Exact duplicates of the lines from the top of the data through the line containing "Un système de" are needed, with every picture left out.

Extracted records
────────────────────────────────────────
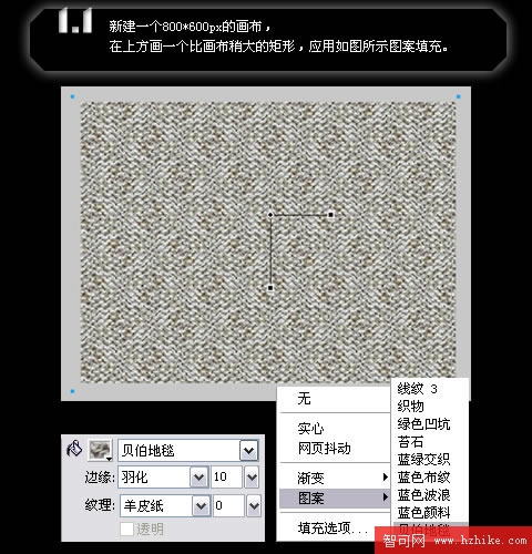新建一個800*600px的畫布,在上方畫一個比畫布稍大的矩形,應用如圖所示圖案填充。
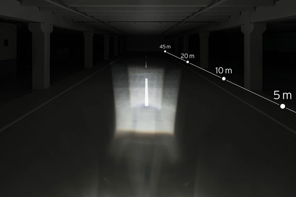 Un système de lentilles conçu par ordinateur répartit la lumière d’une LED haute performance de manière uniforme et sur une grande surface, de sorte que la chaussée est éclairée par un cône de lumière blanc brillant et homogène. Le LUMOTEC Lyt atteint ainsi une efficacité lumineuse d’environ 25 lux. La lumière dans le champ proche augmente en outre la sécurité. De plus, le LUMOTEC Lyt se présente sous un design compact et attractif, dans lequel le catadioptre avant prescrit en Allemagne a déjà été intégré.
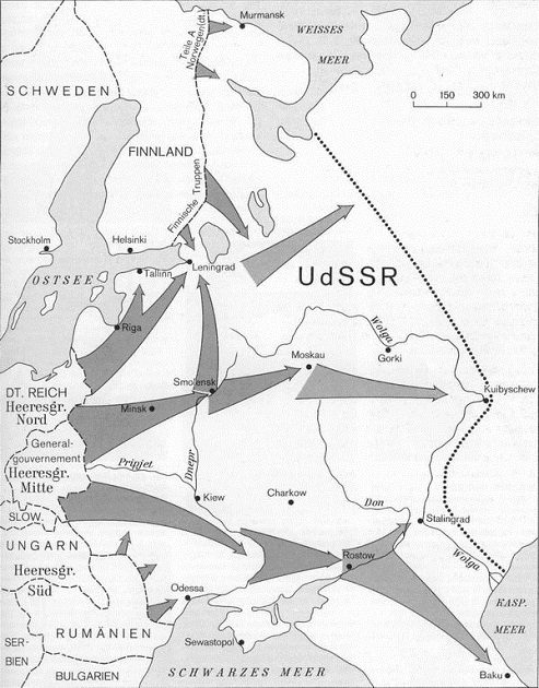 (По плану «Барбаросса» наступление немцев должно было закончиться примерно по линии Архангельск-Астрахань)
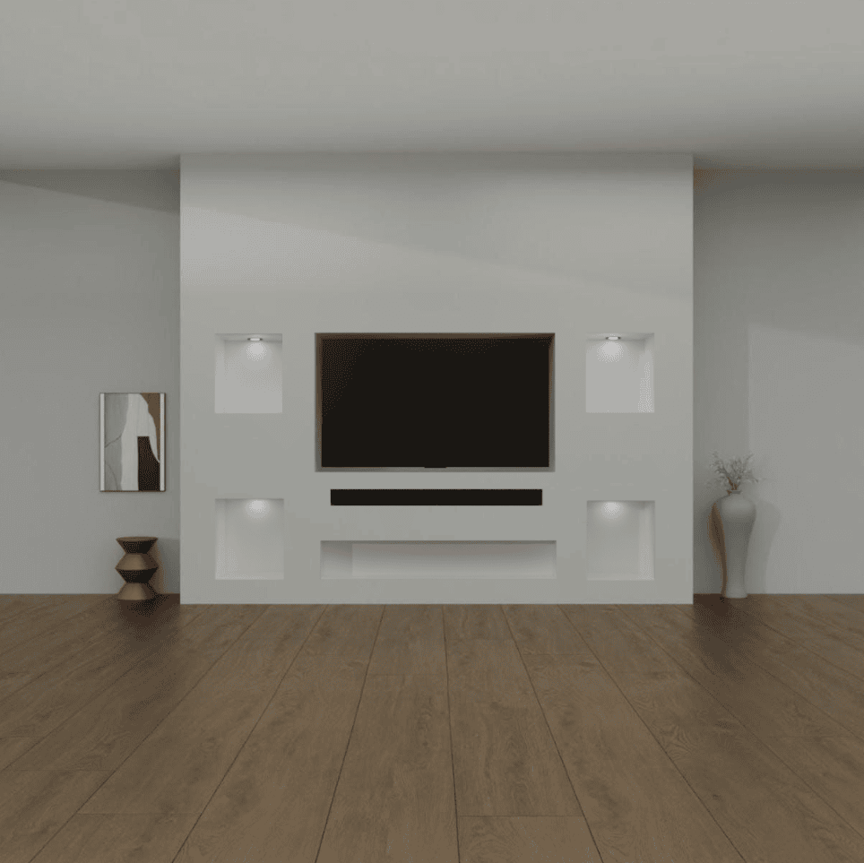 Pure is ontworpen voor liefhebbers van rust en eenvoud. Met een breedte tussen 250 en 350 centimeter en een hoogte tot 300 centimeter vormt deze cinewall een strak, evenwichtig geheel dat moeiteloos in verschillende interieurstijlen past. De 65 inch televisie wordt centraal ingebouwd, met daaronder een geïntegreerde soundbar in een speciaal ontworpen nis. Dit zorgt voor een perfecte balans tussen beeld en geluid, waarbij de techniek onzichtbaar is weggewerkt in de constructie.
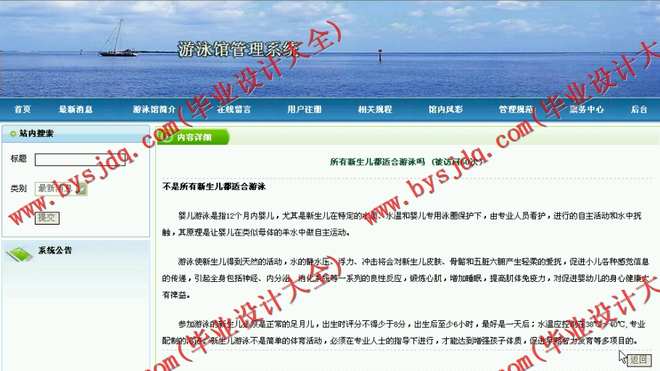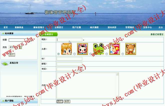 毕业设计拟开发一个基于J2EE的游泳馆管理系统。系统主要具备的功能包括:
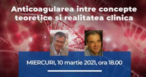Vă invităm pe data de 10 martie 2021 la ora 18:00 să asistați live la webinarul intitulat "Anticoagularea între concepte teoretice și realitatea clinică." ce tratează câteva dintre dificultățile pe care medicii specialiști le întâlnesc în activitatea cotidiană privind administrarea anticoagulantelor orale directe în rândul pacienților cu fibrilație atrială non valvulară și comorbidități sau a celor cu evenimente tromboembolice venoase. » Mai mult
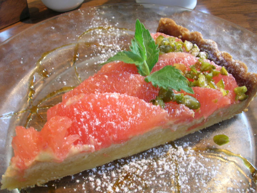 それにしても、私が気にいって何回も「美味しい美味しい」としつこく言ってしまったのは、ピンクグレープフルーツのタルトでした。1ピースが結構大きくて、アーモンド味ベースのタルトにぎっしり並んだピンクグレープフルーツに散らしたピスタチオ。美味しかった・・・・。タルト作りに挑戦したくなりました。
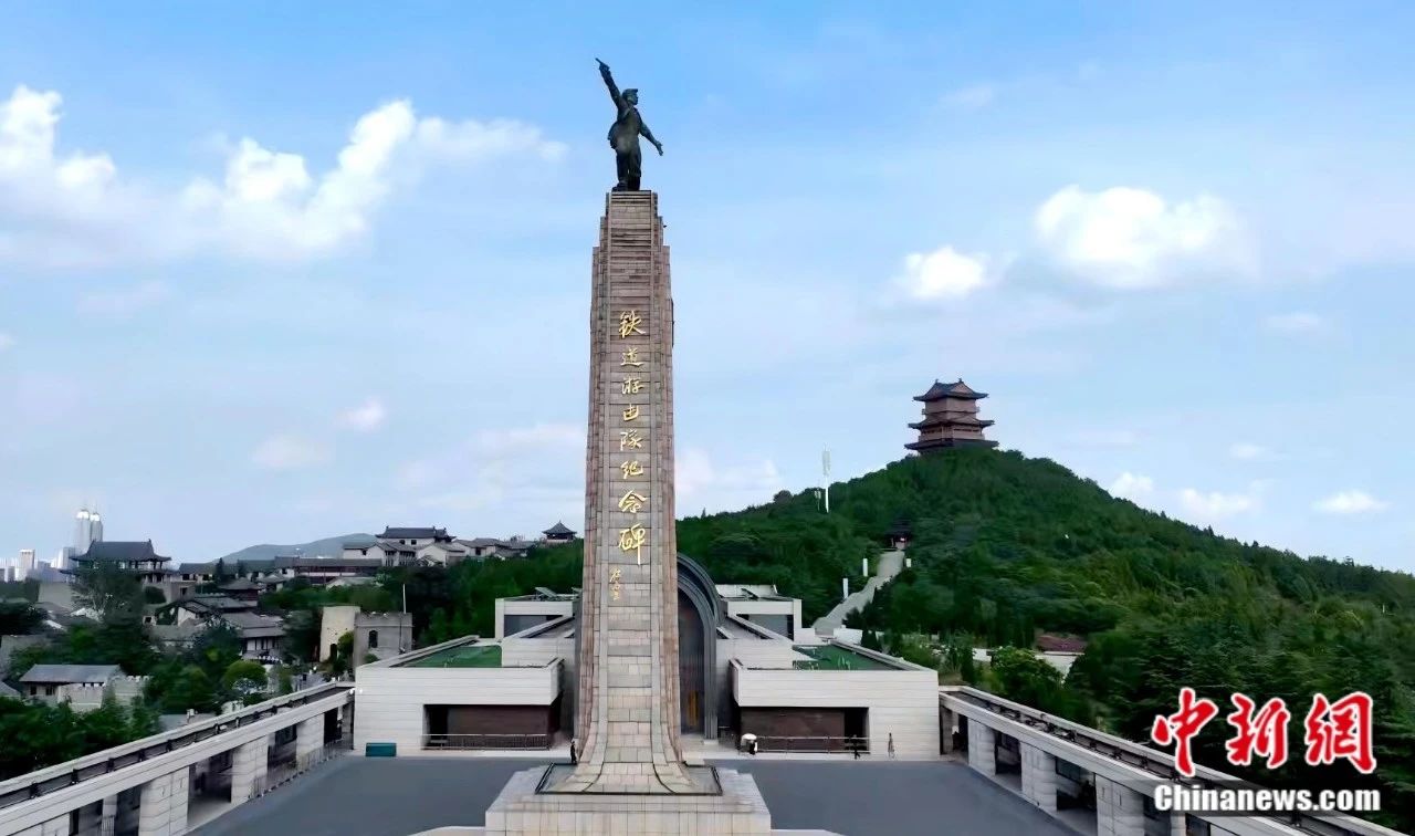 “铁道游击队纪念碑”八个大字熠熠生辉。
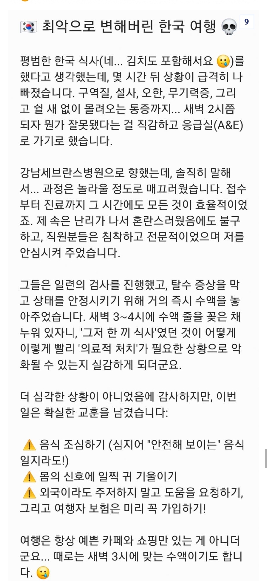며칠전 한국에서 닭갈비 먹고 응급실에 간 싱가포르인
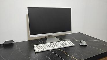 - Комплектация на фото: моноблок на подставке, проводной/беспроводной клавиатурный комплект (клавиатура и мышь), блок питания.
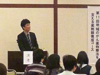 文部科学省「がんプロフェッショナル養成基盤推進プラン」採択事業の一環として、滋賀県薬剤師会、滋賀県病院薬剤師会、協和発酵キリン株式会社との共催で、「第11回地域のがん薬物療法を支える薬剤師養成コース」を1月30日にアヤハレークサイドホテル「伊吹の間」で開催しました。
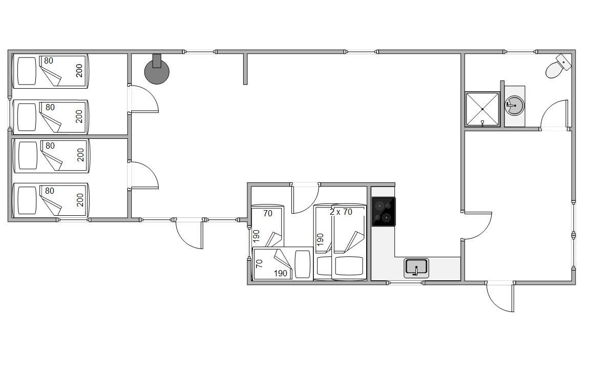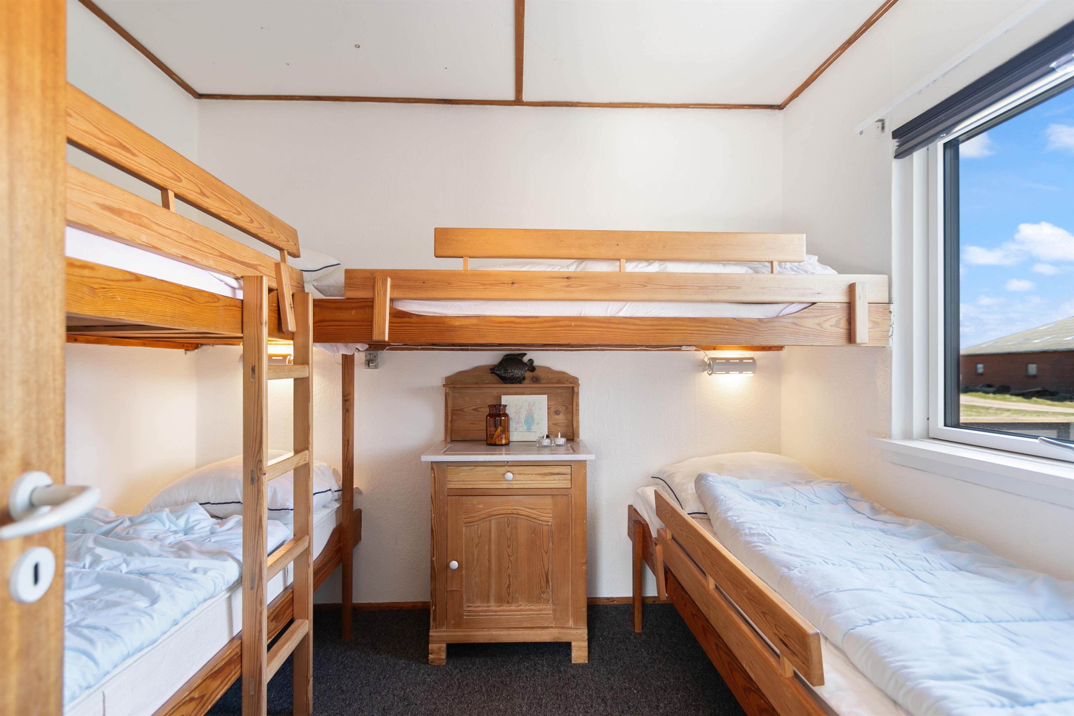 The sleeping arrangements are divided into three bedrooms: two with single beds and one with both single and bunk beds. Children can have their own space to enjoy and play.
────────────────────────────────────────
Answer space.
新建一個800*600px的畫布,在上方畫一個比畫布稍大的矩形,應用如圖所示圖案填充。
 Un système de lentilles conçu par ordinateur répartit la lumière d’une LED haute performance de manière uniforme et sur une grande surface, de sorte que la chaussée est éclairée par un cône de lumière blanc brillant et homogène. Le LUMOTEC Lyt atteint ainsi une efficacité lumineuse d’environ 25 lux. La lumière dans le champ proche augmente en outre la sécurité. De plus, le LUMOTEC Lyt se présente sous un design compact et attractif, dans lequel le catadioptre avant prescrit en Allemagne a déjà été intégré.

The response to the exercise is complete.